Records for this exercise:
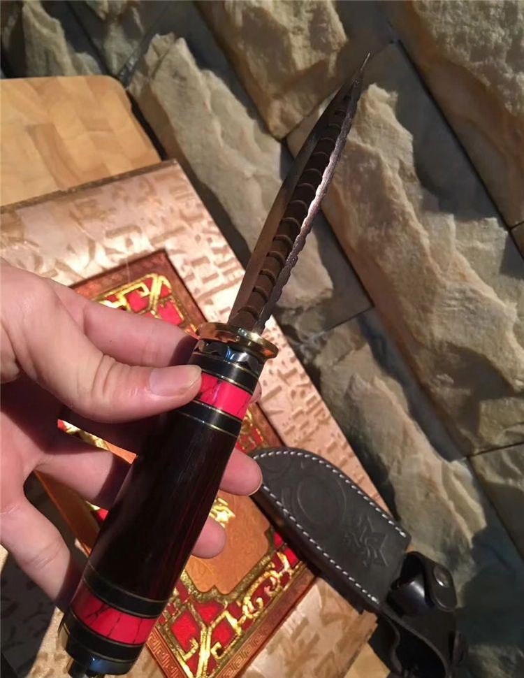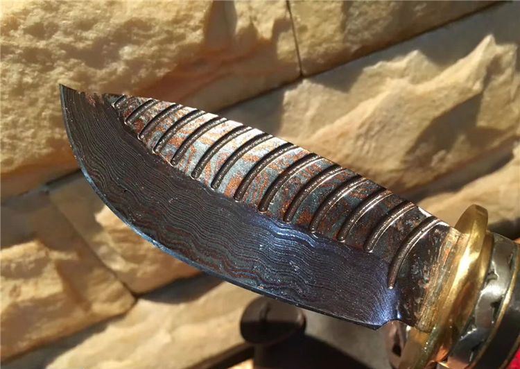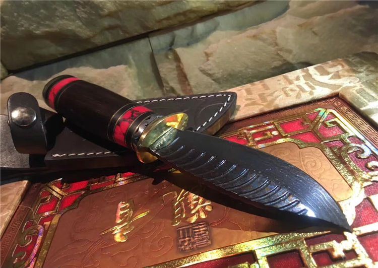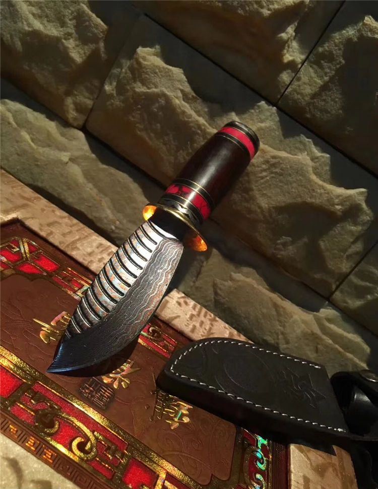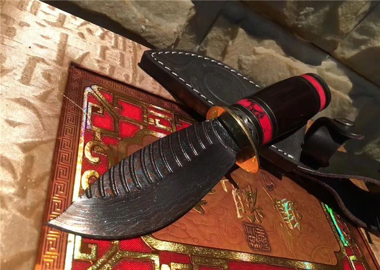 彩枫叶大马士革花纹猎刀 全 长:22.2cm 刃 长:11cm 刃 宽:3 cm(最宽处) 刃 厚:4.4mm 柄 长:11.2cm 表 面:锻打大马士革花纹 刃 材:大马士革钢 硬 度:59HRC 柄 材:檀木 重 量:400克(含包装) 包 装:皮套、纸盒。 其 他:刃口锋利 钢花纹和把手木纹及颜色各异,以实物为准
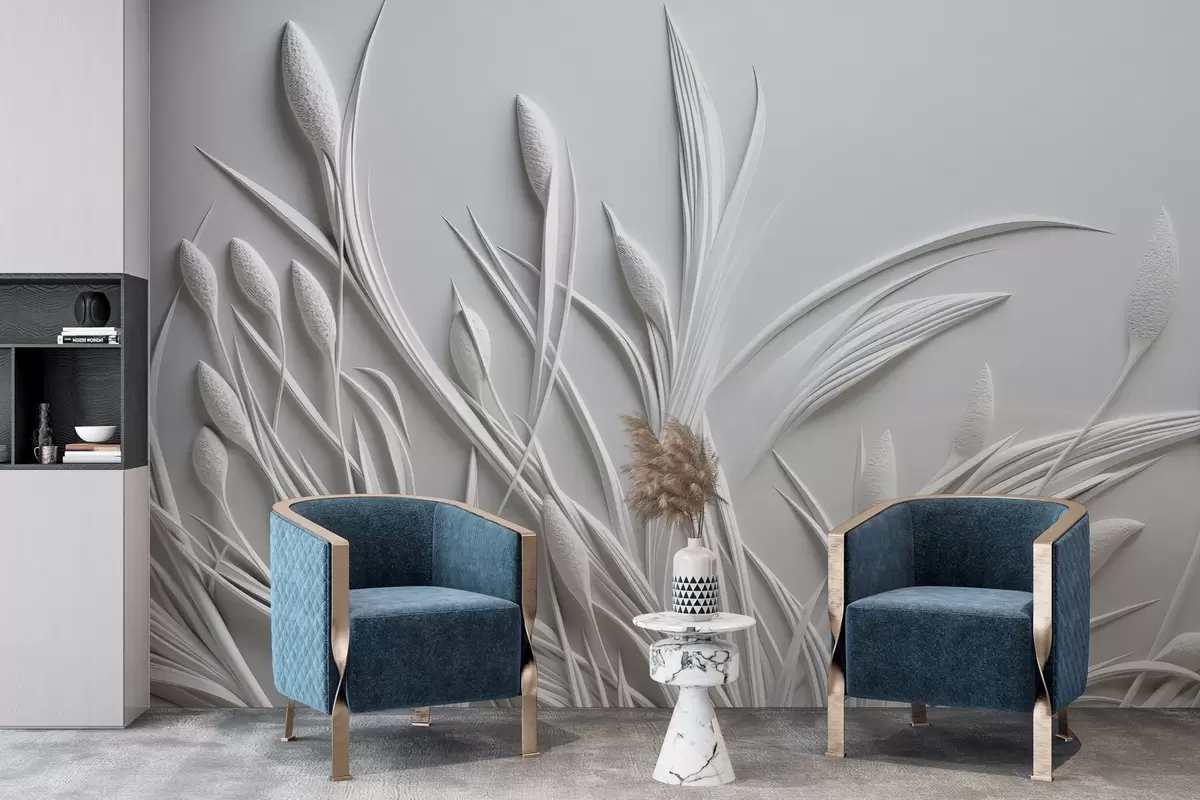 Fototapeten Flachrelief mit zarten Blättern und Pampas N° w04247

---

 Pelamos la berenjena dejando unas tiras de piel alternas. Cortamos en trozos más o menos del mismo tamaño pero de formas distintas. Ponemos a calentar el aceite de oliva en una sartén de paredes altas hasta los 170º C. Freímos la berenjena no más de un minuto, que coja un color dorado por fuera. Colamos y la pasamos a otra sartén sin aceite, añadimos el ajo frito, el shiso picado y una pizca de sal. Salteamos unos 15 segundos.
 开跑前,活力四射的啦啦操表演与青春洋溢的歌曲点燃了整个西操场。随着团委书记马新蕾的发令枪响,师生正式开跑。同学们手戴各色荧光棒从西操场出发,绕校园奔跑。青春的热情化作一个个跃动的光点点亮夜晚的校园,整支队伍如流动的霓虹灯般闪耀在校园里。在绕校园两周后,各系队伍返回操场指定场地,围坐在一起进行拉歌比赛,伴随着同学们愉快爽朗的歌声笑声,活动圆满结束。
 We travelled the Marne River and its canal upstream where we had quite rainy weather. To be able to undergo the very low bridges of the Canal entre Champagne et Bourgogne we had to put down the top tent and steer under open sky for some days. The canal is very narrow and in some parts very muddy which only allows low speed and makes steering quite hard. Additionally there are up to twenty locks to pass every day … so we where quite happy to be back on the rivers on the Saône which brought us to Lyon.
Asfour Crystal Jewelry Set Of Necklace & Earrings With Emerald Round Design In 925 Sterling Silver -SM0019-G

How to complete this task: Set down again, word for word, every line from the one with "彩枫叶大马士革花纹猎刀 全 长:22.2cm" to the one with "Fototapeten Flachrelief mit" in the entries above, and omit the pictures.

Exercise output:
 彩枫叶大马士革花纹猎刀 全 长:22.2cm 刃 长:11cm 刃 宽:3 cm(最宽处) 刃 厚:4.4mm 柄 长:11.2cm 表 面:锻打大马士革花纹 刃 材:大马士革钢 硬 度:59HRC 柄 材:檀木 重 量:400克(含包装) 包 装:皮套、纸盒。 其 他:刃口锋利 钢花纹和把手木纹及颜色各异,以实物为准
 Fototapeten Flachrelief mit zarten Blättern und Pampas N° w04247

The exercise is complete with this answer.